In the entries below, begin at the line that has "VALENTINO 24 투톤", stop after the line that has "3月29日下午2点30分,全", and output those lines exactly with no pictures.

*** Opening DATASET RECORDS ***

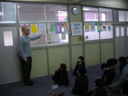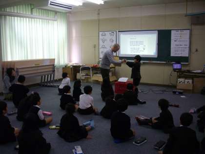 校区にお住いの地域の外国人、カート先生(オーストラリア人)にお願いをして、低学年の児童に対して英語の授業をしていただいています。
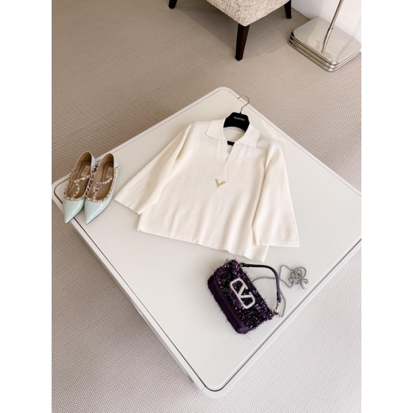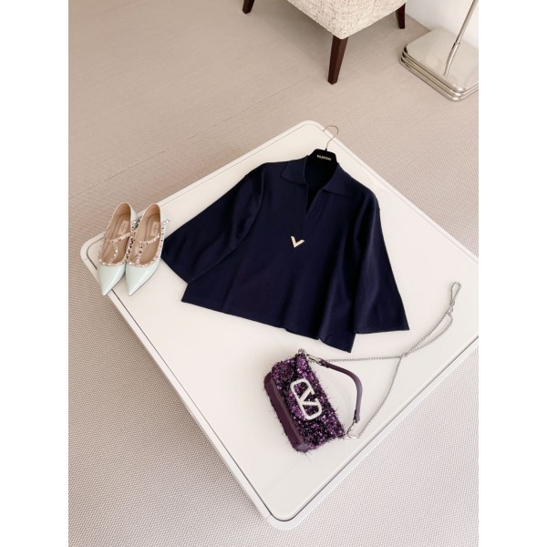 VALENTINO 24 투톤 딥 브이 니트 칠부 봄여름 신상 브이넥 상의는 퓨어한 펄 화이트 계열과 클래식한 네이비 계열로 원단의 통기성이 뛰어나고 부드럽고 섬세하며 편안하며 깊은 터틀넥 V메탈 로고 포인트 최초의 프리미엄 퀄리티
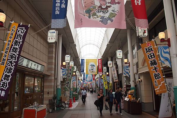 商店街的屋頂呈圓拱型,沿途整齊地掛著充滿博多特色的旗幟。
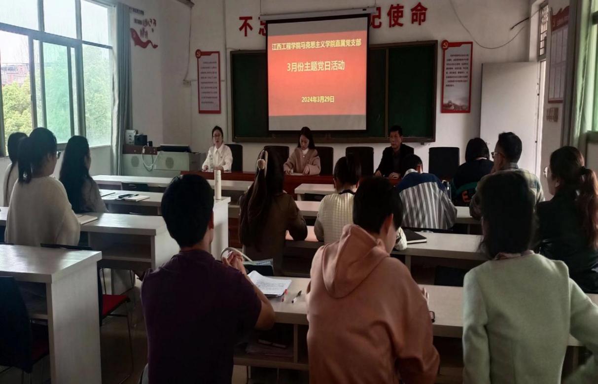 3月29日下午2点30分,全球最大顶级体育平台直属党支部在A201党员活动室组织开展3月份主题党日活动,会议由党支部副书记黄琴主持,党支部书记、经理胡延庆,副经理崔丽出席,全体思政课教师参加。
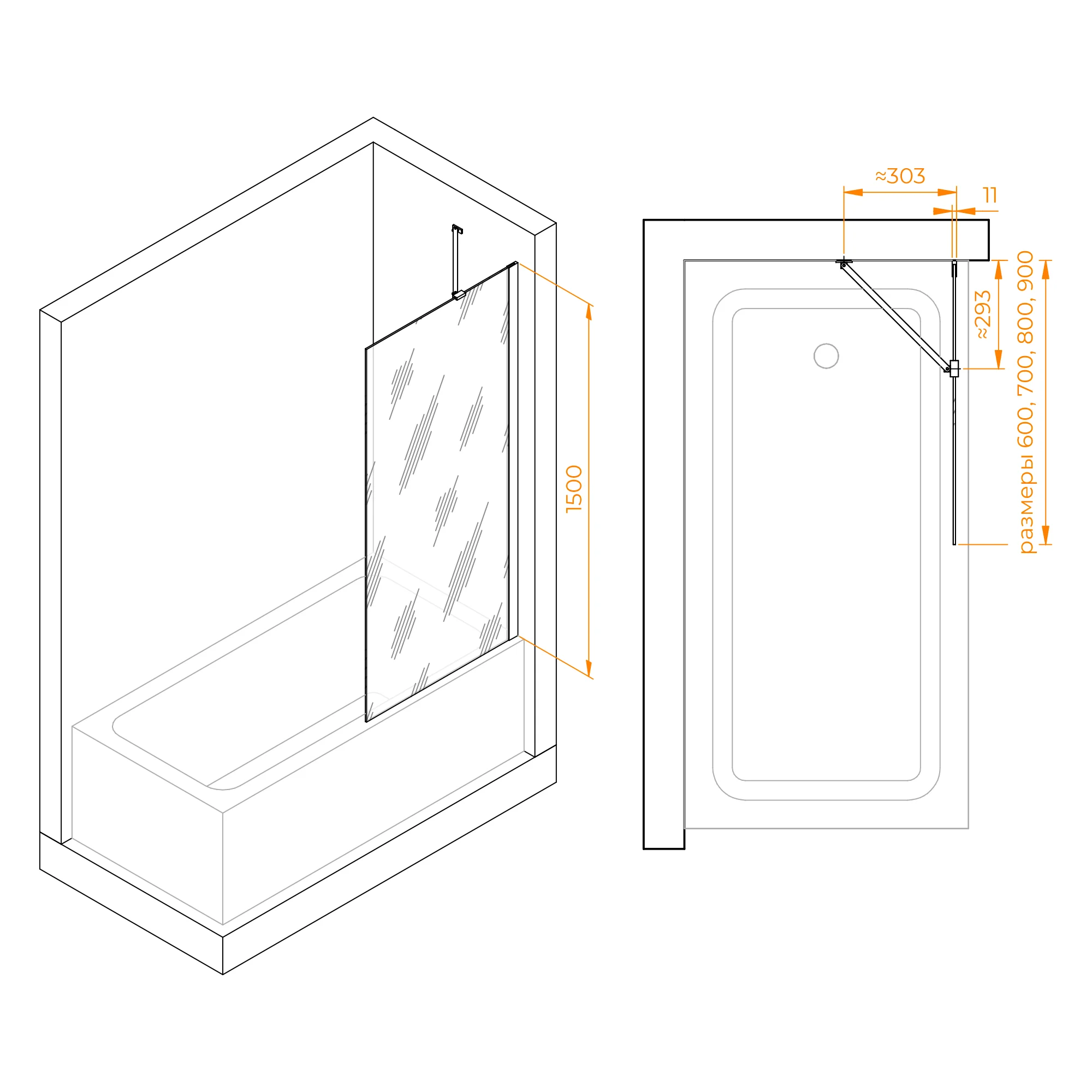 Прозрачное стекло и хромированный профиль позволяют шторке органично сочетаться с любым стилем и дизайном вашей ванной комнаты. Высота стеклянной шторки составляет 1500 мм, что соответствует стандарту и обеспечивает защиту от брызг воды во время принятия душа.

*** Closing DATASET RECORDS ***

- [OUTPUT OF THE EXERCISE]:
 VALENTINO 24 투톤 딥 브이 니트 칠부 봄여름 신상 브이넥 상의는 퓨어한 펄 화이트 계열과 클래식한 네이비 계열로 원단의 통기성이 뛰어나고 부드럽고 섬세하며 편안하며 깊은 터틀넥 V메탈 로고 포인트 최초의 프리미엄 퀄리티
 商店街的屋頂呈圓拱型,沿途整齊地掛著充滿博多特色的旗幟。
 3月29日下午2点30分,全球最大顶级体育平台直属党支部在A201党员活动室组织开展3月份主题党日活动,会议由党支部副书记黄琴主持,党支部书记、经理胡延庆,副经理崔丽出席,全体思政课教师参加。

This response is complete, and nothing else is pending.